Il concetto di qualità

Nel turismo italiano uno dei termini più inflazionati è senza dubbio “qualità”.
Si sente spesso ripetere che il “turismo deve essere di qualità”, gli alberghi devono offrire “qualità” e, anche quando si parla della competitività italiana, si afferma che la questione riguarda “la qualità del prodotto e della destinazione Italia”. La verità, probabilmente, è che adesso si abusa di questo termine per tentare di giustificare i prezzi alti o per il fatto che, facendo fatica a migliorare i servizi perchè costano, si pretende che sia il cliente a pagare la “qualità”.

Purtroppo il turismo italiano è arrivato in ritardo al concetto di qualità. Nel turismo la ‘moda della qualità’ è vecchia, ormai superata: dieci anni fa i turisti davano valore ad un albergo che vantava un marchio di qualità riconosciuto, come UNI o ISO, e questo sembrava essere un “plus”, un valore aggiunto.  La realtà, invece, oggi è che il cliente non è più disponibile a pagare la qualità perchè la dà per scontata!!

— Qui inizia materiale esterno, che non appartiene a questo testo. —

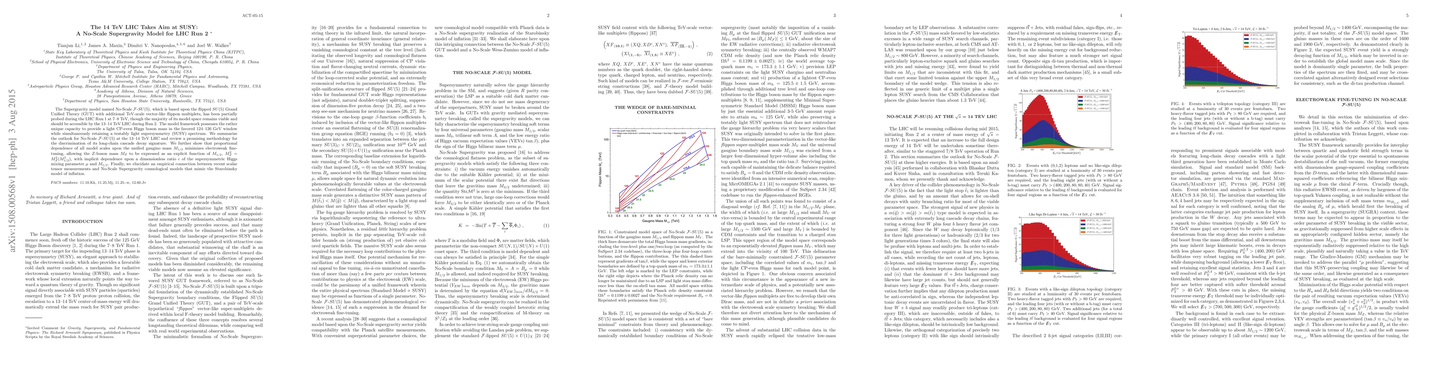 The Supergravity model named No-Scale ${\cal F}$-$SU(5)$, which is based upon the flipped $SU$(5) Grand Unified Theory (GUT) with additional TeV-scale vector-like flippon multiplets, has been partially probed during the LHC Run 1 at 7-8 TeV, though the majority of its model space remains viable and should be accessible by the 13-14 TeV LHC during Run 2. The model framework possesses the rather unique capacity to provide a light CP-even Higgs boson mass in the favored 124-126 GeV window while simultaneously retaining a testably light supersymmetry (SUSY) spectrum. We summarize the outlook for No-Scale ${\cal F}$-$SU(5)$ at the 13-14 TeV LHC and review a promising methodology for the discrimination of its long-chain cascade decay signature. We further show that proportional dependence of all model scales upon the unified gaugino mass $M_{1/2}$ minimizes electroweak fine-tuning, allowing the $Z$-boson mass $M_Z$ to be expressed as an explicit function of $M_{1/2}$, $M_Z^2 = M_Z^2 (M_{1/2}^2)$, with implicit dependence upon a dimensionless ratio $c$ of the supersymmetric Higgs mixing parameter $\mu$ and $M_{1/2}$. Finally, we elucidate an empirical connection between recent scalar tensor measurements and No-Scale Supergravity cosmological models that mimic the Starobinsky model of inflation.
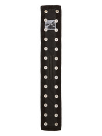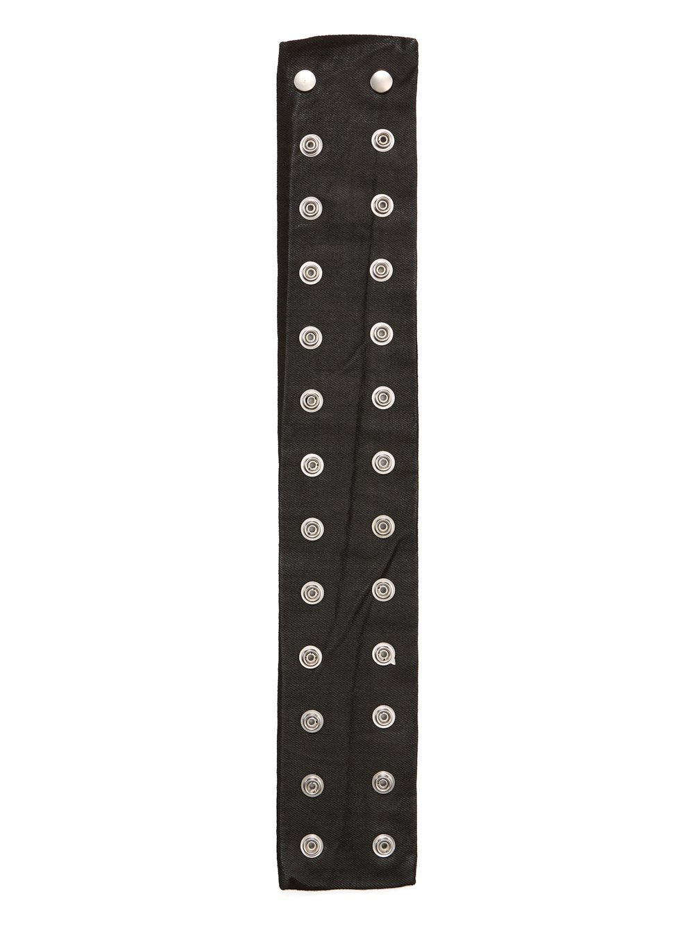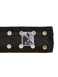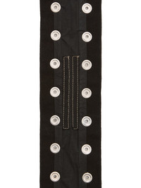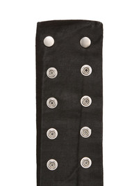 DRKSHDW FW25 CONCORDIANS STROBE NECK BAND IN 13OZ BLACK WAX DENIM THIS STROBE NECK BAND IS A DENIM STRAP WITH ALL OVER SNAPS, TO BE WORN AROUND THE NECK. THIS MEDIUMWEIGHT BLACK WAX DENIM IS MADE ON A 13OZ JAPANESE BLACK AND NATURAL DENIM. THE READY GARMENT IS OVERDYED BLACK AND TREATED WITH A WAX FINISH. A FINAL WASH GIVES THIS GARMENT ITS SOFTNESS THIS GARMENT IS TREATED IN AN ITALIAN WASH HOUSE BASED IN THE VENETO AREA OF ITALY, THAT PRODUCES IN SMALLER TREATMENT BATHS TO REDUCE WATER WASTE AND UTILIZE A WATER PURIFYING PROCESS THAT ENABLES THEM TO RECYCLE A PORTION OF THE WATER USED. ALL OF OUR DENIM WASHES ARE ZDHC CERTIFIED COLOR: BLACK WAX MATERIAL: 100% COTTON THIS ITEM IS AVAILABLE IN ONE SIZE

La qualità è un concetto astratto: nato e sviluppato nei processi e nelle procedure secondo criteri industriali, è stato applicato seguendo modalità di gestione piramidale. Nella concezione e nello sviluppo della qualità turistica non è che non si tenga conto del turista/cliente, ma di fatto lo si fa in base ad un concetto astratto, quando in realtà il cliente definisce in modo individuale e del tutto personale che cosa intende per qualità e quale tipo di qualità si aspetta. Ormai, il turista non parla più di qualità ma di soddisfazione del servizio che riceve. Spesso neanche conosce i marchi di qualità in base ai quali si attribuiscono i certificati e neanche i criteri secondo i quali vengono conferiti. In realtà, francamente, non gli interessano perchè ha un proprio parametro personale.

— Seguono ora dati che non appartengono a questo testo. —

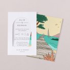 Ponton sur la mer, eau cristaline, pins majestueux et roches rouges : la plage la plus célèbre de Corse et son décor de carte postale nous a inspirés un faire-part illustré qui donne des envies d'ailleurs... Voici le faire-part Palombaggia qui fera craquer les futurs mariés rêvant d'une noce les pieds dans l'eau.
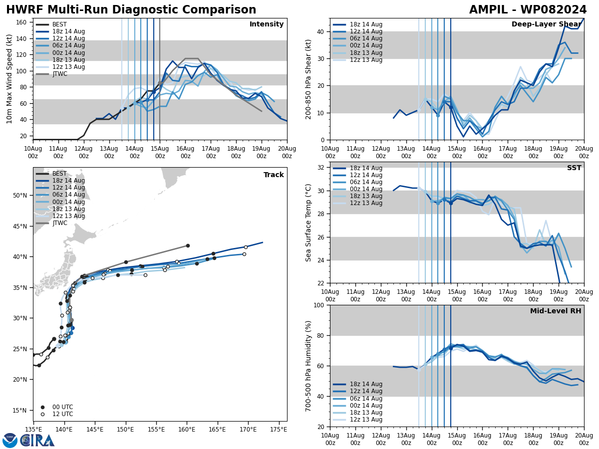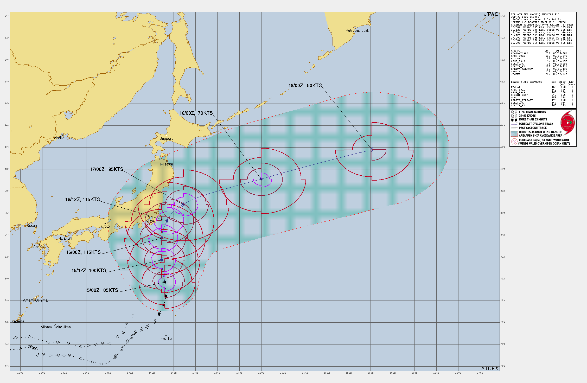 MODEL DISCUSSION: DETERMINISTIC MODEL GUIDANCE IS IN TIGHT AGREEMENT THROUGH TAU 48 WITH A MINIMUM CROSS-TRACK SPREAD OF 65NM, BUT THE ALONG-TRACK SPREAD OPENS TO 300NM BY TAU 96, WHICH LOWERS THE UNCERTAINTY IN THE TRACK FORECAST AFTER THE SYSTEM ROUNDS THE CURVE OF THE STR TO THE EAST. THE GEFS AND ECENS ENSEMBLE GUIDANCE DEPICTS SOLUTIONS FARTHER WEST AND CLOSER TO THE BOSO PENINSULA THAN CONVEYED IN THE MULTI-MODEL CONSENSUS. THE JTWC INTENSITY GUIDANCE STRONGLY INDICATES HIGHER PROBABILITY OF RAPID INTENSIFICATION WITHIN THE FIRST 24 HOURS OF THE FORECAST PARTICULARLY DUE TO THE ELEVATED SEA SURFACE TEMPERATURES BETWEEN 30-31C, STRONG UPPER-LEVEL DIVERGENCE, AND LOW VERTICAL WIND SHEAR. THE JTWC INTENSITY FORECAST LIES ABOVE THE MULTI-MODEL CONSENSUS, WHICH IS DRAWN LOWER DUE TO GFS, HAFS-A, AND COAMPS-TC.
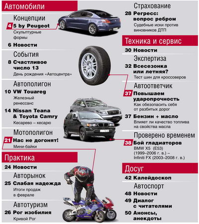 Еженедельное издание, полностью посвященное миру автомобилей. В издании представлено максимум информации о автомобилях и не только. Основные рубрики журнала: Автосалон, Автополигон, Концепции, Авторынок, Автобизнес, События и выставки, Практические технические и юридические советы, Спорт и другое.
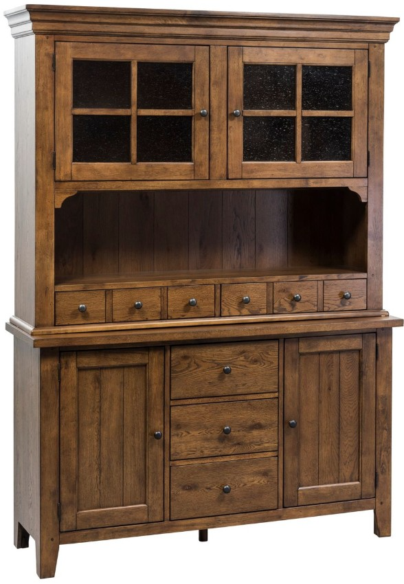 Accent your space with the Hearthstone Ridge hutch and buffet. Crafted of rubberwood solids and oak veneers, this piece features a rustic oak finish, full extension drawers, and antique brass knob hardware. With vintage appeal, hearthstone is a casual, rustic style that never goes out of fashion.Read More
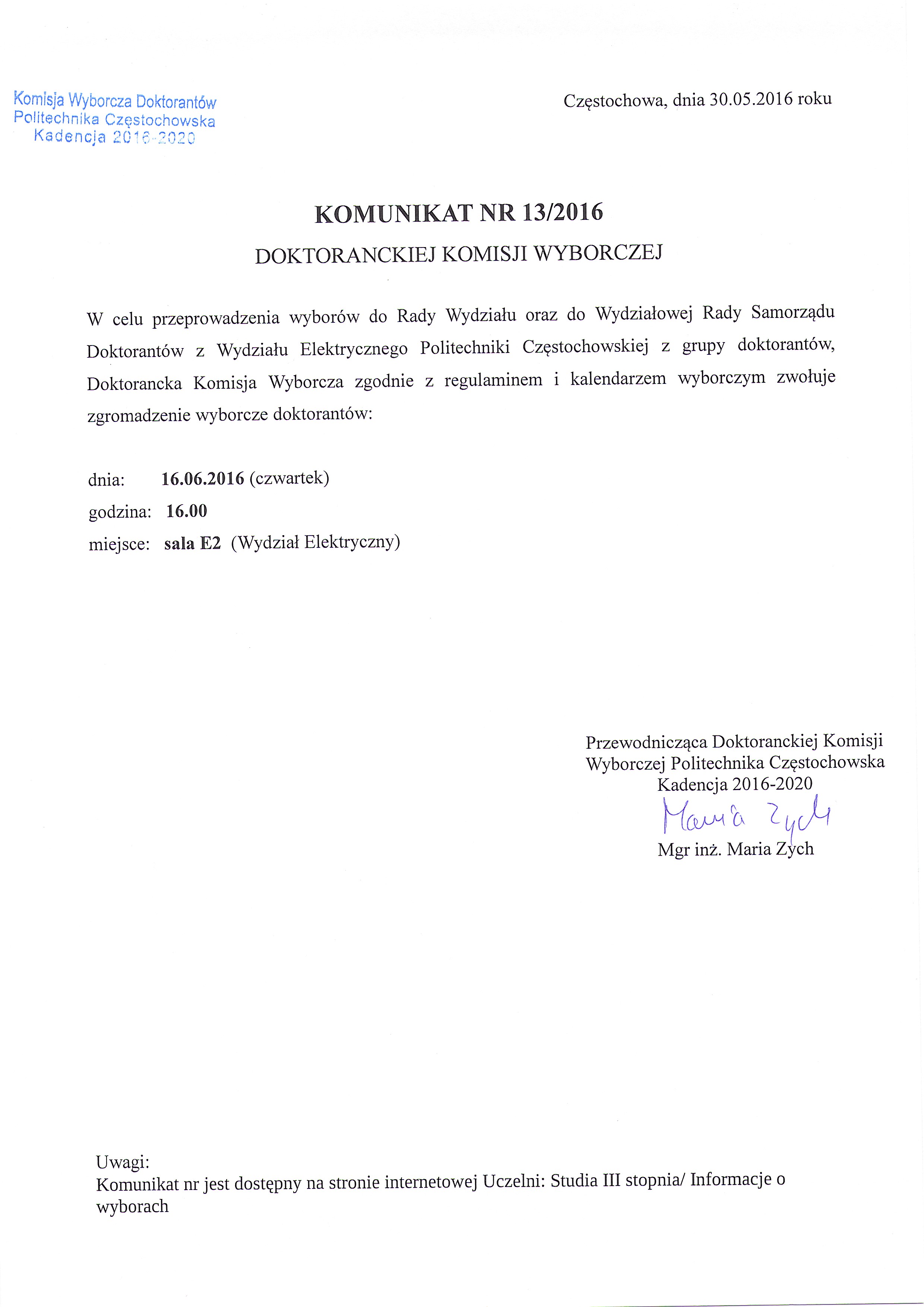 Komunikat nr 13/2016 544.22 KB jpg Pobierz

Ogni cliente, infatti, ha le sue motivazioni, i suoi bisogni e anche un suo personale budget di spesa turistica. In tutti i casi, il turista pretende di ottenere un livello di servizio e di attenzione che rispecchi il livello di qualità che considera come minimo riconosciuto. Uno dei principali problemi del sistema turistico italiano, siano esse destinazioni o alberghi, è che mentre il settore parla di una qualità universale ed univoca il turista ne ha una personale e specifica. Questo è il motivo per cui l’utente oggi non è più disponibile a pagare di più per ottenere la qualità. È semplice: sceglie, paga e pretende. In definitiva, non è il cliente che deve adeguarsi a noi o a quello che noi intendiamo come qualità ma piuttosto siamo noi che dobbiamo gestire ed applicare la qualità che il turista ricerca. E questo è un altro importante fattore che mette in crisi il sistema turistico italiano.

Il paradigma va invertito: la qualità non deve essere più definita dalla struttura/destinazione ma dal turista stesso, che ha ben chiaro cosa intende per qualità. Non resta altro che accettare che il coltello dalla parte del manico ce l’ha il cliente: è lui che decide ed agisce. La conseguenza è che se vogliamo essere coerenti non possiamo più pensare che il turista pagherà di più per ottenere, in realtà, quello che ha sempre ottenuto, e neanche per giustificare i prezzi elevati. La qualità il turista la dà per scontata, a prescindere da quello che paga.

Ancora una volta, e con rammarico, vedo crescere il divario fra il turismo e il turista. Mentre noi parliamo di ‘qualità’, i turisti sono già oltre: e oggi la parola chiave, quella che fa la differenza, e quello che i turisti cercano è il ‘valore aggiunto’.